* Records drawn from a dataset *

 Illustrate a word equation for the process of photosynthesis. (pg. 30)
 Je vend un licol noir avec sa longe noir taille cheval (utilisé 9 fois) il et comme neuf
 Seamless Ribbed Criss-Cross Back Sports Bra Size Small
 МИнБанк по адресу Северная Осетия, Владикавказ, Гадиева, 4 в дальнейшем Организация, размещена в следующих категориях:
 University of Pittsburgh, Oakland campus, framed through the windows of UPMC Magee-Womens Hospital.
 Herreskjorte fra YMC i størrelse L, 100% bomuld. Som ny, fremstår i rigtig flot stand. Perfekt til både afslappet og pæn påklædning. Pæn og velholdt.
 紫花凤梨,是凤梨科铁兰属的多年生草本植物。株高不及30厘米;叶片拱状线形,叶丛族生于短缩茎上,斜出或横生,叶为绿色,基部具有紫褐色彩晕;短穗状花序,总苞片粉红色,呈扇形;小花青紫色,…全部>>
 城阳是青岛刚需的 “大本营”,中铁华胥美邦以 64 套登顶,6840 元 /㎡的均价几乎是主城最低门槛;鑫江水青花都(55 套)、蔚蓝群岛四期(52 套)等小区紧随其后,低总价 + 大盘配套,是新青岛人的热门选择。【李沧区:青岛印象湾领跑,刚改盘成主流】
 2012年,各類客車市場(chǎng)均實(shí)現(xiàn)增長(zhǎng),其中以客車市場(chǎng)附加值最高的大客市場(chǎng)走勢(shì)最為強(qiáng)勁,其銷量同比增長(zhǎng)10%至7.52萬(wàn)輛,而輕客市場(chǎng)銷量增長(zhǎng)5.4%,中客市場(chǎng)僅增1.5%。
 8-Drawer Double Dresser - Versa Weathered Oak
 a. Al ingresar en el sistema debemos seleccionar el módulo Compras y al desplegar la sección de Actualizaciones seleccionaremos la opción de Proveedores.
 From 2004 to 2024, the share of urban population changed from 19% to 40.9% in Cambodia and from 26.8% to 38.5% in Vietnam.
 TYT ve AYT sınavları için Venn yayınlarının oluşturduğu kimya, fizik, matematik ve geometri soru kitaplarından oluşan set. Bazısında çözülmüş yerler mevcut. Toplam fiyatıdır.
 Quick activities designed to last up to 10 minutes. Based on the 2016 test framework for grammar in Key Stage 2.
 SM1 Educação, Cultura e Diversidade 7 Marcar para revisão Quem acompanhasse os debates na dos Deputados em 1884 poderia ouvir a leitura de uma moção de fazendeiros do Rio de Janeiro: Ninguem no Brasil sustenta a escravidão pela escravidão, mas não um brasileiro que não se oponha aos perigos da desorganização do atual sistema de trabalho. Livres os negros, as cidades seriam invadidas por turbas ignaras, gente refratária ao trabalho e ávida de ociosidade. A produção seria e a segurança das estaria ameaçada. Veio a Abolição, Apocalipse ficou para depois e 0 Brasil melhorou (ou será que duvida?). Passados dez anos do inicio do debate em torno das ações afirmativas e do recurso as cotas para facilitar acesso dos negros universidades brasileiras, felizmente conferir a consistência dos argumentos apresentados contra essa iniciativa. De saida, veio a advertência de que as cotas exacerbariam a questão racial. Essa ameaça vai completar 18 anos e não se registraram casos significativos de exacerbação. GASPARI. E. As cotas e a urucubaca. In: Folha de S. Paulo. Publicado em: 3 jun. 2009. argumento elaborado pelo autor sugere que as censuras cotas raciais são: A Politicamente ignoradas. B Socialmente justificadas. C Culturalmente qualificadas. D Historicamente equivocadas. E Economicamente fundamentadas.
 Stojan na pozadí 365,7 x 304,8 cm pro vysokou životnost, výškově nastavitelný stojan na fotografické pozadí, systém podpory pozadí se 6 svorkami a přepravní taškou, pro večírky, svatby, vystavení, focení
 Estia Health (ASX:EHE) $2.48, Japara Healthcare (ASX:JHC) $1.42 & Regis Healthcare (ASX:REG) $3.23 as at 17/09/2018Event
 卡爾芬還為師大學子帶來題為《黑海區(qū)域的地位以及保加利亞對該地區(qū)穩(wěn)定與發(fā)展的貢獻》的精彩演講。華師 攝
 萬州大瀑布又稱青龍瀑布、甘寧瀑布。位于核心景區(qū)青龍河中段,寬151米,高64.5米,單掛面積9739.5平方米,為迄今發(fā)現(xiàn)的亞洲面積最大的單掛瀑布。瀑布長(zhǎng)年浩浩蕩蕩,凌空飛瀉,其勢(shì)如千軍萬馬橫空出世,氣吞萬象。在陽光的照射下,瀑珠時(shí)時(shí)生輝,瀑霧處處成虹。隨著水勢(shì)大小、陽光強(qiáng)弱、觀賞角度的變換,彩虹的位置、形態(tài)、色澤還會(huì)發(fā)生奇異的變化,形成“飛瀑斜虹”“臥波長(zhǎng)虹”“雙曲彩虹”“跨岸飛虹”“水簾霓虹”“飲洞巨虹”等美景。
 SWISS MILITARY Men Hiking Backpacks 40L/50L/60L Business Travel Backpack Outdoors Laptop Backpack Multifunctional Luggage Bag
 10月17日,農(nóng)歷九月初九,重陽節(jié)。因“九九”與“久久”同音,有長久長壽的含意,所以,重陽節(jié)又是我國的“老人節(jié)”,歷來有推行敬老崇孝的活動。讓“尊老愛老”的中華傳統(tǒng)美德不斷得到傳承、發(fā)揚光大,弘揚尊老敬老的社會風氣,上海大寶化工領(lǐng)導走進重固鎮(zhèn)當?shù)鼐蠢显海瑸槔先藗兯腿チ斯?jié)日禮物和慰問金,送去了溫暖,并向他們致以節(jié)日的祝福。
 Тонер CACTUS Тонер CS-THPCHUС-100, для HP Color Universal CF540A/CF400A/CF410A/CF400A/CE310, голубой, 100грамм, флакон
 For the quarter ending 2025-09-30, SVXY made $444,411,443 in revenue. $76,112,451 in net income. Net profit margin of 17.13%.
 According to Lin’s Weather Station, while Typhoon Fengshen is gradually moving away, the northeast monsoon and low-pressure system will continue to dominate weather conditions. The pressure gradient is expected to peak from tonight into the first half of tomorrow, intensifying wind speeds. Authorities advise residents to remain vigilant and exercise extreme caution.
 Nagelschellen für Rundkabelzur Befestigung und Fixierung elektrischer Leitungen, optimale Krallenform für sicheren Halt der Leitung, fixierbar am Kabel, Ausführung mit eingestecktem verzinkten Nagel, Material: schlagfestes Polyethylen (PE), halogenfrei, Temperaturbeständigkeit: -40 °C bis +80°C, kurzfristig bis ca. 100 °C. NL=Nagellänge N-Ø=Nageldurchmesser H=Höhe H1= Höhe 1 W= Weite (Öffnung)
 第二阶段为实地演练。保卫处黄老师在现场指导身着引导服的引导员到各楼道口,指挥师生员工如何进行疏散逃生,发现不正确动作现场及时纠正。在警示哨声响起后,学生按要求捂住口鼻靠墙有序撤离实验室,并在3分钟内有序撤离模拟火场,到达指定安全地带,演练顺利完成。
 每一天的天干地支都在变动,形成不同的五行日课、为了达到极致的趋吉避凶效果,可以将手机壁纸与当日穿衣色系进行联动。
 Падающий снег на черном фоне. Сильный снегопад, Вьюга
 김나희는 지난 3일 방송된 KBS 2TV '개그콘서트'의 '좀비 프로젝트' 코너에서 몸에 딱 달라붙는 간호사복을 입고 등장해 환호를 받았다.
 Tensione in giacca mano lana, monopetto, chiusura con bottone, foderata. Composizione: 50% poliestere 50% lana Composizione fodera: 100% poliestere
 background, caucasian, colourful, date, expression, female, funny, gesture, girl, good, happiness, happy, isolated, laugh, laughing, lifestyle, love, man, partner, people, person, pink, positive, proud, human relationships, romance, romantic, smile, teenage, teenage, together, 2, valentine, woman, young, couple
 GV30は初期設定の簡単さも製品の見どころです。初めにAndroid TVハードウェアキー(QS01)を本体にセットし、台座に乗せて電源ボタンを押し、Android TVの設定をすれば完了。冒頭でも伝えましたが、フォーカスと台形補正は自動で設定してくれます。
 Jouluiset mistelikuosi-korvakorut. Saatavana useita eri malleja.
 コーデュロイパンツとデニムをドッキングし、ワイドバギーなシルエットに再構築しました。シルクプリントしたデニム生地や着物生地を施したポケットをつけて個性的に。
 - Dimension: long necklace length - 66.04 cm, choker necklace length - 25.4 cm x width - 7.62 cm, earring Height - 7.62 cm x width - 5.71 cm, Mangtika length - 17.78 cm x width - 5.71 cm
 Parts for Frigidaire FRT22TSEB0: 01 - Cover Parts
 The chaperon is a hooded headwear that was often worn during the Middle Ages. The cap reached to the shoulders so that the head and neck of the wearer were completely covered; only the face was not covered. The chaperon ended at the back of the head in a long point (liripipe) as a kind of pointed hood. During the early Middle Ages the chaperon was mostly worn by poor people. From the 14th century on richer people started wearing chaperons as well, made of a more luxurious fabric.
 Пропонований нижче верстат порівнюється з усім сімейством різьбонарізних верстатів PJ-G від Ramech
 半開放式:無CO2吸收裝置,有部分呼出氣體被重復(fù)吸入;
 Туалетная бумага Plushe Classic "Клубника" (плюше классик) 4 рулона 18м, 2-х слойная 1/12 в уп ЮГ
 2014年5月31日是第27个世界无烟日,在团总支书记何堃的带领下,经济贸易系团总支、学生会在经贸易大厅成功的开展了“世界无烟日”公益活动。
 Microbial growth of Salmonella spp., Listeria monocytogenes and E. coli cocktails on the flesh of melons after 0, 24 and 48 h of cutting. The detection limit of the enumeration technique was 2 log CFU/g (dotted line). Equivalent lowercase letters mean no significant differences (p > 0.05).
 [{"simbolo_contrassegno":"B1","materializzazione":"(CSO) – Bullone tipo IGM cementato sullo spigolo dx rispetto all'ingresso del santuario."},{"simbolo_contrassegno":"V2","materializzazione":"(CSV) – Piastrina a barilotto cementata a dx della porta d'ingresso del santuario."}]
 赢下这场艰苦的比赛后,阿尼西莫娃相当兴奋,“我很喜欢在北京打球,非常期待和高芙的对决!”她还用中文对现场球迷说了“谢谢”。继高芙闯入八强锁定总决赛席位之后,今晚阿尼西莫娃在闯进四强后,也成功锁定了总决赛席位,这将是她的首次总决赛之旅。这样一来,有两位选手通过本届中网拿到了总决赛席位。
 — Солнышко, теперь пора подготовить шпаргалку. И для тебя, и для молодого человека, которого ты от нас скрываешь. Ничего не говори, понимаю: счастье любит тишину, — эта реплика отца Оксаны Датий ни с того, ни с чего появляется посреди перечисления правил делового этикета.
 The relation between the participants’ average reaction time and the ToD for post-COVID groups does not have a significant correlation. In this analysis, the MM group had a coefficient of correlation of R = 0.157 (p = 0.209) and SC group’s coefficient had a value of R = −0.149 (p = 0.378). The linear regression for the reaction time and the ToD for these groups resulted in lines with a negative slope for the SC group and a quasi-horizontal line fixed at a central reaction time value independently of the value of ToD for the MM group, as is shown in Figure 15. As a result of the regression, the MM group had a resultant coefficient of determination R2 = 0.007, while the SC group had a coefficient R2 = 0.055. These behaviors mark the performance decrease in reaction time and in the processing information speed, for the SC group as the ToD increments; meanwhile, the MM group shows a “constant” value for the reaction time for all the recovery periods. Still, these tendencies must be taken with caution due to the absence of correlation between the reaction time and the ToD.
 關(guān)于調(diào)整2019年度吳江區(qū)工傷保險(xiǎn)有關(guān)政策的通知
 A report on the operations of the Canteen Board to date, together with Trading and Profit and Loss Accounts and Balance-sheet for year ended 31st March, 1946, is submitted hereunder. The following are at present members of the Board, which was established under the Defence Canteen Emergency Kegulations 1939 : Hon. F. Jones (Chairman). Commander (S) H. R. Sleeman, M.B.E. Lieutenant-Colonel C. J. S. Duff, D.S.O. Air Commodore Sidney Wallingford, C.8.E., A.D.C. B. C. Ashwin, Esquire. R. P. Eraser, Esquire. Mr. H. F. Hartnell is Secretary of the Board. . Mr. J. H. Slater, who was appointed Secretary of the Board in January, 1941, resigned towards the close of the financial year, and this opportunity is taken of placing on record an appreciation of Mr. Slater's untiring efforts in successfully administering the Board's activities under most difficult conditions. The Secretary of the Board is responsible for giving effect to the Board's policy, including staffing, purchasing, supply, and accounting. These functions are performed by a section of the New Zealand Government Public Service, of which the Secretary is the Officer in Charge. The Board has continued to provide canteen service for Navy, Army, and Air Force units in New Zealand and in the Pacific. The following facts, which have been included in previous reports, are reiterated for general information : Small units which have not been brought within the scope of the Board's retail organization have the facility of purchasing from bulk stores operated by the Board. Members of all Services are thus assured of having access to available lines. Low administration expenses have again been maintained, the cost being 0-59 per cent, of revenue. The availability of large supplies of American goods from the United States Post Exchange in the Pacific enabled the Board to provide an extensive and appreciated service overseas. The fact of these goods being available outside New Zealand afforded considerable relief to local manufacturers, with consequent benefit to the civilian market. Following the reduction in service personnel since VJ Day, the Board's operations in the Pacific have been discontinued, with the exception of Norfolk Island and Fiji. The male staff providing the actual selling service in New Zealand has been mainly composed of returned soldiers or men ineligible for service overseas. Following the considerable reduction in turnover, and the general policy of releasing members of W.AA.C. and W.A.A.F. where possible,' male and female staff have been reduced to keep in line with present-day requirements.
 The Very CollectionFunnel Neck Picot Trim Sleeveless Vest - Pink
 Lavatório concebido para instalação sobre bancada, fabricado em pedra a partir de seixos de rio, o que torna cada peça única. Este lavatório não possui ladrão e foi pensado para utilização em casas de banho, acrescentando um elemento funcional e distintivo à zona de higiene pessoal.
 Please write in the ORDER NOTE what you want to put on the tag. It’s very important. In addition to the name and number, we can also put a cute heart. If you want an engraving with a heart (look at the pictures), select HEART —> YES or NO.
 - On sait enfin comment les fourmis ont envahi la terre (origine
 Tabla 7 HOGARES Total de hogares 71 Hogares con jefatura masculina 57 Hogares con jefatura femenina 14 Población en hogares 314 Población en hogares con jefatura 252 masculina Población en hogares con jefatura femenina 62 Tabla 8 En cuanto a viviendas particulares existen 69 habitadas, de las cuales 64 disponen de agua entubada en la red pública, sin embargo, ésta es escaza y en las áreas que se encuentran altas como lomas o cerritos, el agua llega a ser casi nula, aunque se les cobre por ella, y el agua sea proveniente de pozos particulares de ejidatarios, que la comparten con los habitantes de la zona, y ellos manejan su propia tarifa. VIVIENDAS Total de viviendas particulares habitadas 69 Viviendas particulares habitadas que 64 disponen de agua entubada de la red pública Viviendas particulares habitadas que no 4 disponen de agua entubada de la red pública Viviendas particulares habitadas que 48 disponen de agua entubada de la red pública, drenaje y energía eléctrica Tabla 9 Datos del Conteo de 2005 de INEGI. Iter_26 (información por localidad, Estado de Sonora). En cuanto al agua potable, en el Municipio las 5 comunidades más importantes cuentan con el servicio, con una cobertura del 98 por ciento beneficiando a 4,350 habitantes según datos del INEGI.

* Directions for this task *
Please give the number of lines in the data where "qiáng" appears, without any other words.

* Solution *
2